To do :: Only the stretch below from the line holding "Evangeliska sällskapets skrifter" through the line holding "نشافة اريستون امامي" should be restated, word for word and with both ends included; pictures stay out.
*** Data shown Section Begins ***
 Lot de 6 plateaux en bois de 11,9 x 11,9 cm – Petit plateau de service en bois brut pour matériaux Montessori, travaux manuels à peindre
*** Data shown Section Ends ***
*** Data shown Section Begins ***
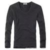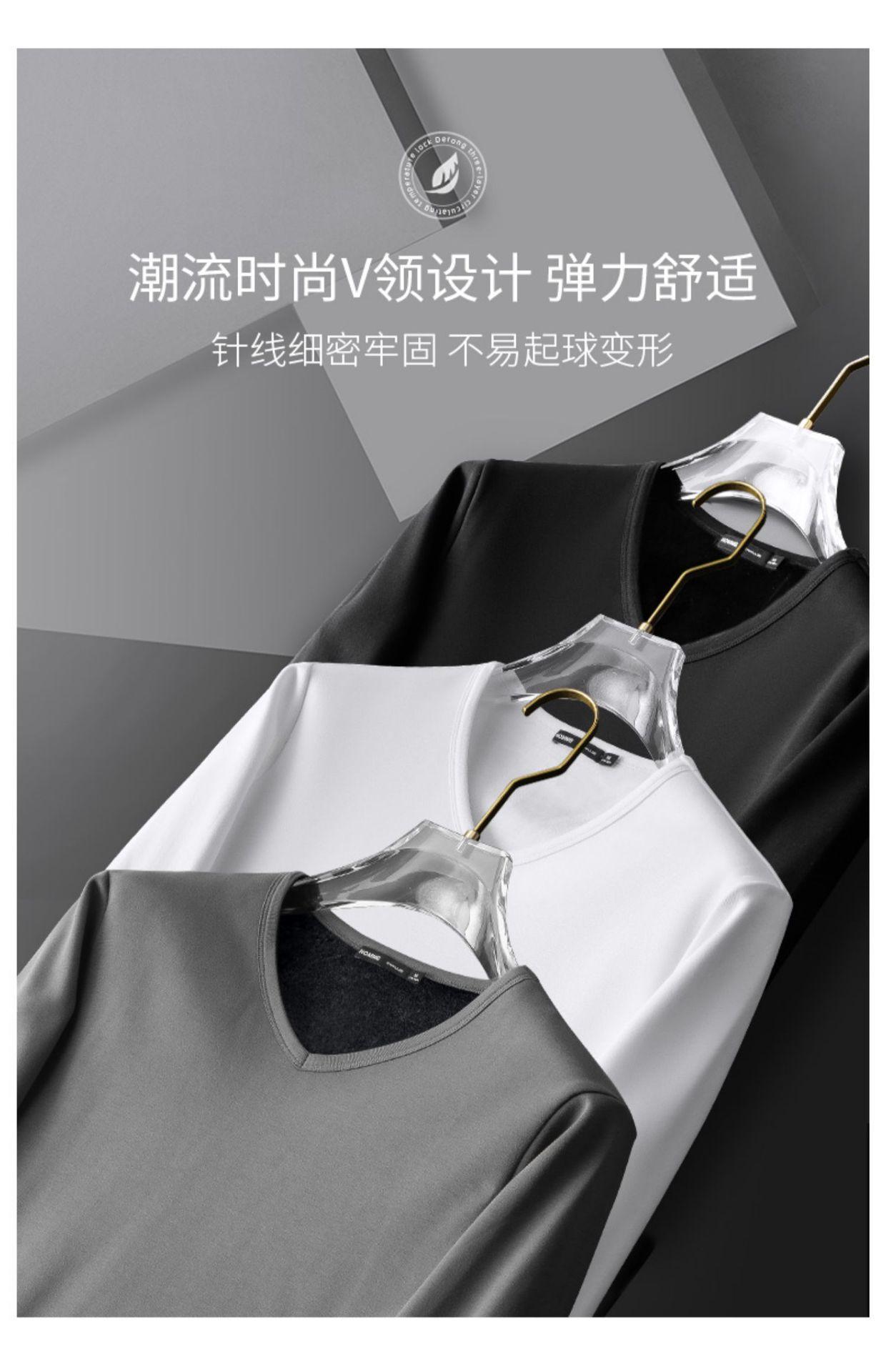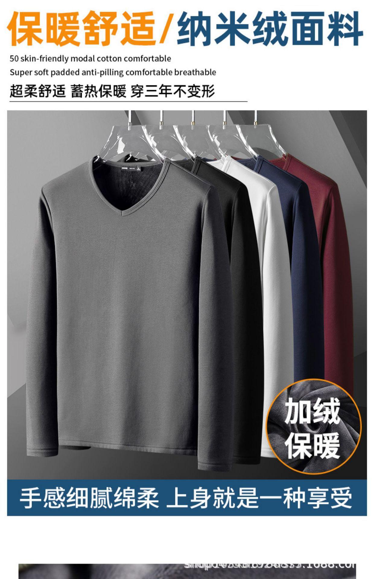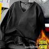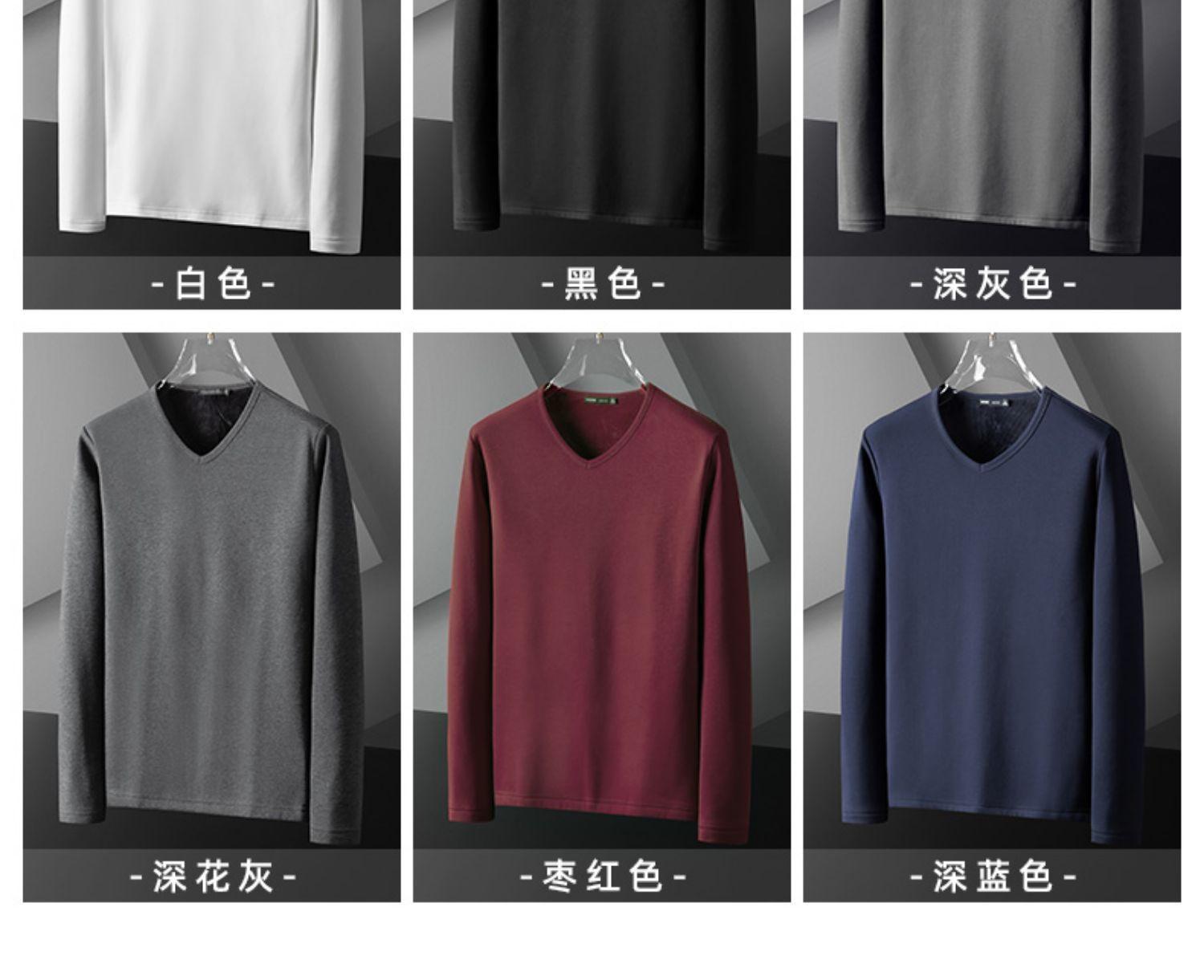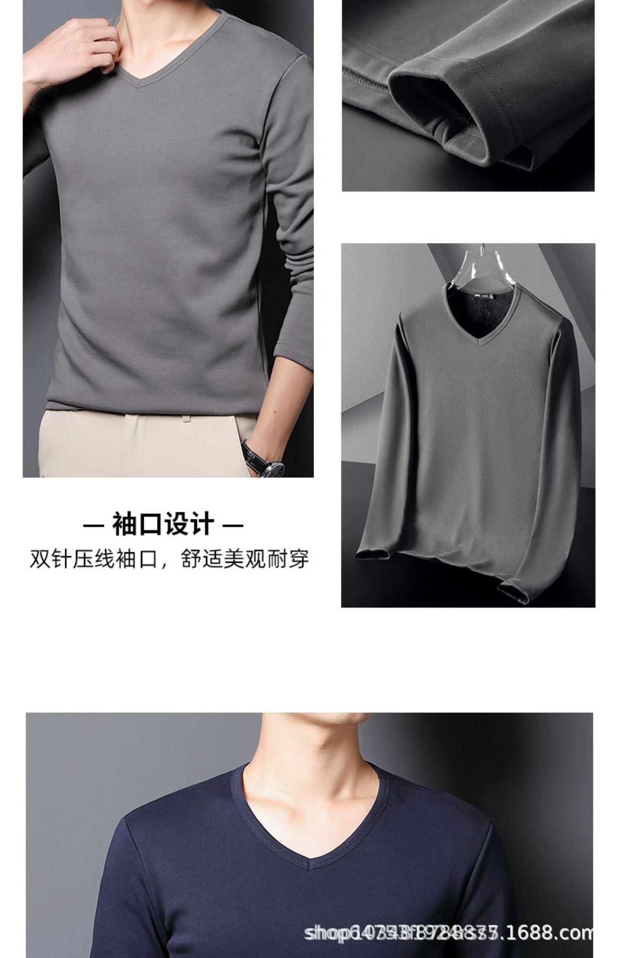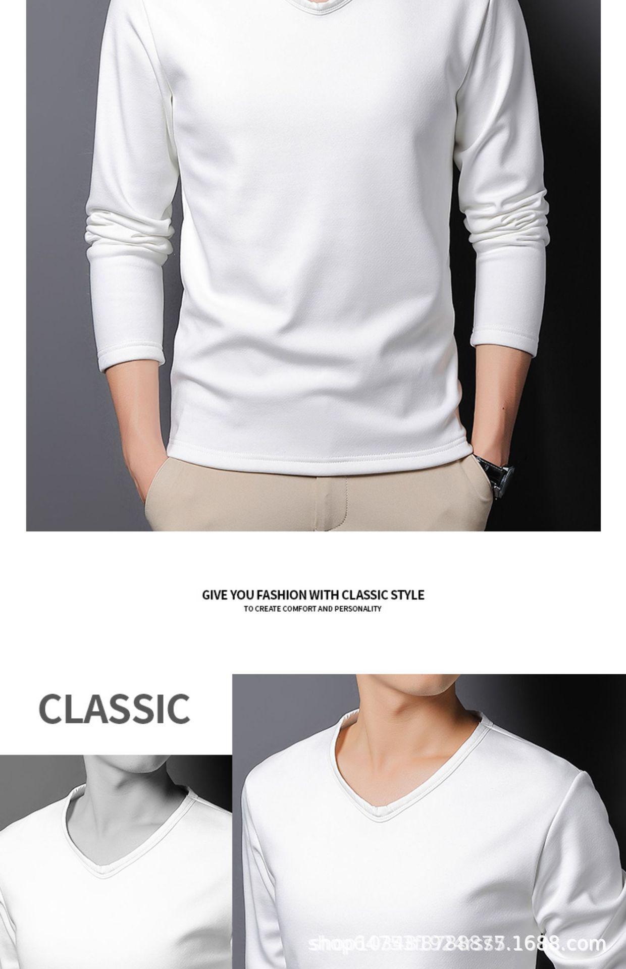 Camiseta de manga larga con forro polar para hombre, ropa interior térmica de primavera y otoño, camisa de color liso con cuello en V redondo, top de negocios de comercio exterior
*** Data shown Section Ends ***
*** Data shown Section Begins ***
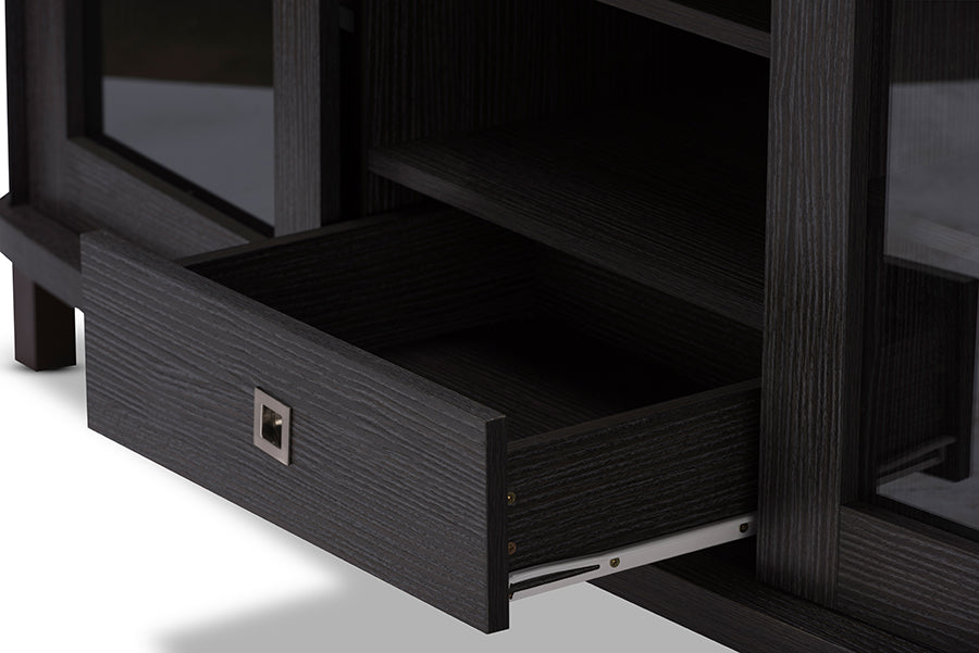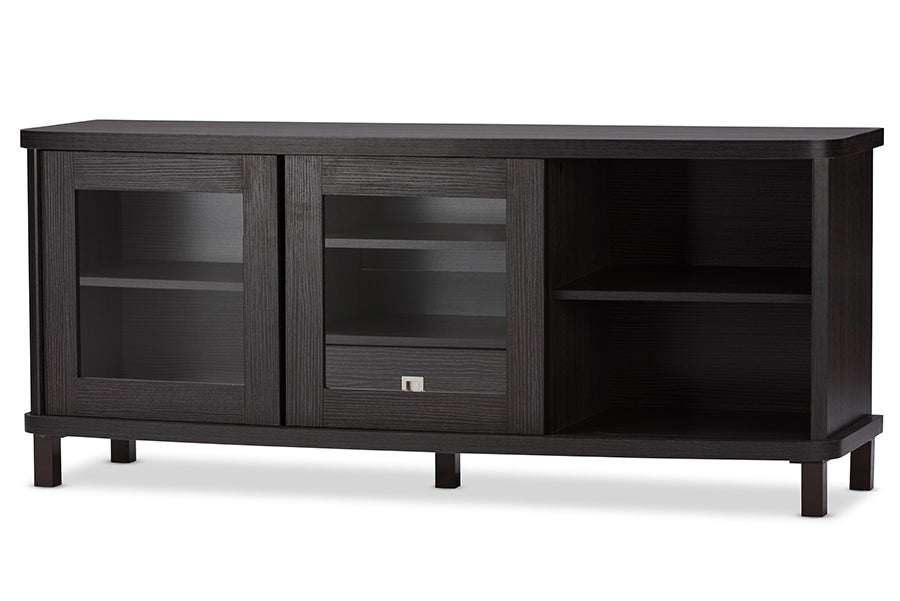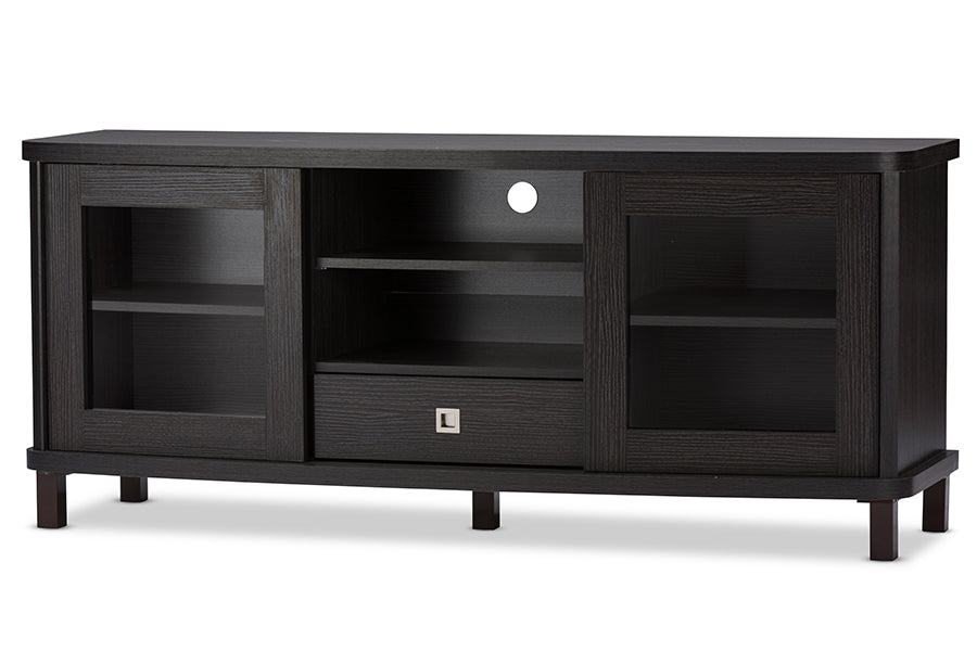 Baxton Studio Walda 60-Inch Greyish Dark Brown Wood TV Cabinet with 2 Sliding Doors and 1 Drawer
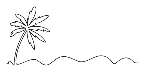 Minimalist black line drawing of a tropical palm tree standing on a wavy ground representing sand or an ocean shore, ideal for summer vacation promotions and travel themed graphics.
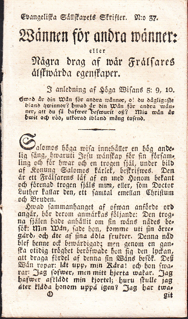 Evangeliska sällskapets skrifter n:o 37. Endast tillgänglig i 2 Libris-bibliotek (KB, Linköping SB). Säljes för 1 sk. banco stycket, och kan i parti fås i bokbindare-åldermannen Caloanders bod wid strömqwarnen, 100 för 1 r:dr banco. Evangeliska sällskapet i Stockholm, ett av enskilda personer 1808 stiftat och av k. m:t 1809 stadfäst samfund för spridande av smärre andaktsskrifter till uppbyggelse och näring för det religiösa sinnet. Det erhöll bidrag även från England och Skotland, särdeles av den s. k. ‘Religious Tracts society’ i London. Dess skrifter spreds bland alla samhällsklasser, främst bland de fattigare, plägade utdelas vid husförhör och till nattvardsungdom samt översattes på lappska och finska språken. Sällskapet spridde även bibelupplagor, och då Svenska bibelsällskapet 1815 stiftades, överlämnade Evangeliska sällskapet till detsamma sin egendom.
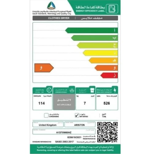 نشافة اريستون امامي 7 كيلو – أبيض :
*** Data shown Section Ends ***
Written response ::
 Evangeliska sällskapets skrifter n:o 37. Endast tillgänglig i 2 Libris-bibliotek (KB, Linköping SB). Säljes för 1 sk. banco stycket, och kan i parti fås i bokbindare-åldermannen Caloanders bod wid strömqwarnen, 100 för 1 r:dr banco. Evangeliska sällskapet i Stockholm, ett av enskilda personer 1808 stiftat och av k. m:t 1809 stadfäst samfund för spridande av smärre andaktsskrifter till uppbyggelse och näring för det religiösa sinnet. Det erhöll bidrag även från England och Skotland, särdeles av den s. k. ‘Religious Tracts society’ i London. Dess skrifter spreds bland alla samhällsklasser, främst bland de fattigare, plägade utdelas vid husförhör och till nattvardsungdom samt översattes på lappska och finska språken. Sällskapet spridde även bibelupplagor, och då Svenska bibelsällskapet 1815 stiftades, överlämnade Evangeliska sällskapet till detsamma sin egendom.
 نشافة اريستون امامي 7 كيلو – أبيض :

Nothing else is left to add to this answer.